Мои руки сами собой потянулись к Химе с явным намерением сделать что-то нехорошее. Моя собеседница это мигом просекла и с испуганным вскриком отшатнулась, но умудрилась споткнуться и плюхнулась прямо на пятую точку. На её миленьком личике проступил ужас, она зажмурилась и съёжилась в ожидании удара.
Весь мой гнев, всё раздражение куда-то улетучились. Контроль над телом вернулся ко мне, как и странное чувство удовлетворения и завершённости:
«Уфф. Выговорился» — послышалось мне. Вот паскуда — запугал ребенка до икоты, а я теперь отдувайся? Странное чувство, как будто кто-то похлопал по плечу: «Ничего, справишься». Конечно, блин, справлюсь.
— Уходи, — Химе недоверчиво приоткрывает один глаз и смотрит на меня. А я, в свою очередь, чувствую себя так, как будто вагон угля разгрузил в одиночку. — Уходи и помни — я приду за тобой.
Девочка неуверенно кивает и растворяется. Краски начинают гаснуть, и вскоре вокруг меня опять темнота, а затем…
Я просыпаюсь. Открываю глаза и вижу в полумраке знакомый потолок нашей комнаты.
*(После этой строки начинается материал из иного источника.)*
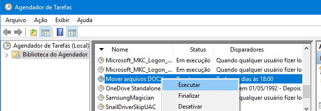 7. Pronto, agora ele será executado automaticamente no horário agendado. Se quiser testar o script, clique com o botão direito nele e selecione “Executar” para que a tarefa agendada seja executada imediatamente.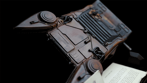 This model miniature is constructed from vacuum-formed plastic built over a plate armature with a hole for rod insertion and a gray rubber wire. During production, it was repainted from its original taxi yellow to brown to be rephotographed as different vehicles. Like other models, the Spinner was also applied with white tape to generate holdout mattes for VFX compositing work. As a result, this model's original decals were removed during production, though its original yellow taxi paint still shows through in some areas.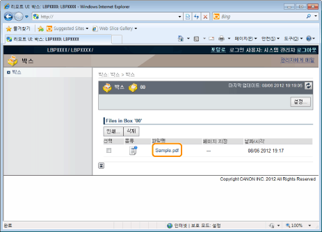 ![]() | 비밀번호가 상자에 지정되어 있다면, 비밀번호를 입력하고 [확인]을 클릭합니다. |
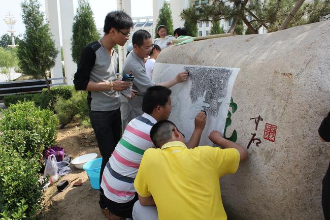 5月15日下午,应学院邀请,中国文物学会文物修复专家、中国美术家协会、九三学社社员、画家张亚明先生来我院为“泰山书院”碑刻做拓片,党委委员、纪委书记宋元明全程陪同,工艺美术系相关师生和社团参与了活动。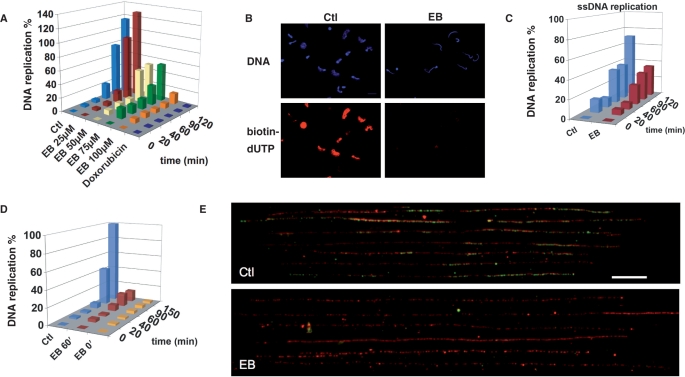 Figure 1. Intercalation inhibits initiation of chromosomal DNA replication. (A) Replication time-courses in the control extract or in the presence of ethidium bromide or doxorubicin at indicated concentrations. (B) Replication was assessed by immunofluorescence of incorporated biotin-dUTP in the absence (Ctl) or presence of 100 μM ethidium (EB), the 45 min time-point is shown. (C) Replication time-course of ssDNA (M13 bacteriophage) in the absence or presence of 100 μM ethidium bromide. (D) Replication time-course of dsDNA in the absence or presence of 100 μM ethidium, added either at the beginning (EB 0′) or at 60 min. (EB 60′). (E) Sperm nuclei were incubated in the presence of Br-dUTP without (Ctl) or with 100 μM ethidium bromide (EB). At 75 min DNA was combed and single fibre analysis was performed. Images represent examples of DNA fibres; ssDNA in red, Br-dUTP in green, bar 10 μm.

Ганя и Нагато спят, обхватив мои руки и уткнувшись носиками в плечи, и мирно посапывают. Жутко неудобно, но не хочется тревожить их сон, так я и лежу до рассвета, упёршись взглядом в потолок и чему-то (сам не знаю чему) бессмысленно улыбаясь. Так вот вы какие — Сны Бездны. Ну что же — посмотрим, кто кого.
Забегая в будущее, после этого моего сновидения кошмары перестали мучить канмусу — видимо, та Химе категорически не желала повторения той безобразной сцены в своём персональном мирке.
Комментарий к Интерлюдия “Сон разума” Всем привет, извиняюсь за долгое молчание – моя ленивая муза улетела куда-то на зимние каникулы ... Сегодня вернулась “буквально на минутку, шарфик захватить”, но была изловлена и прикована к компу наручниками ... вот что получилось в результате ...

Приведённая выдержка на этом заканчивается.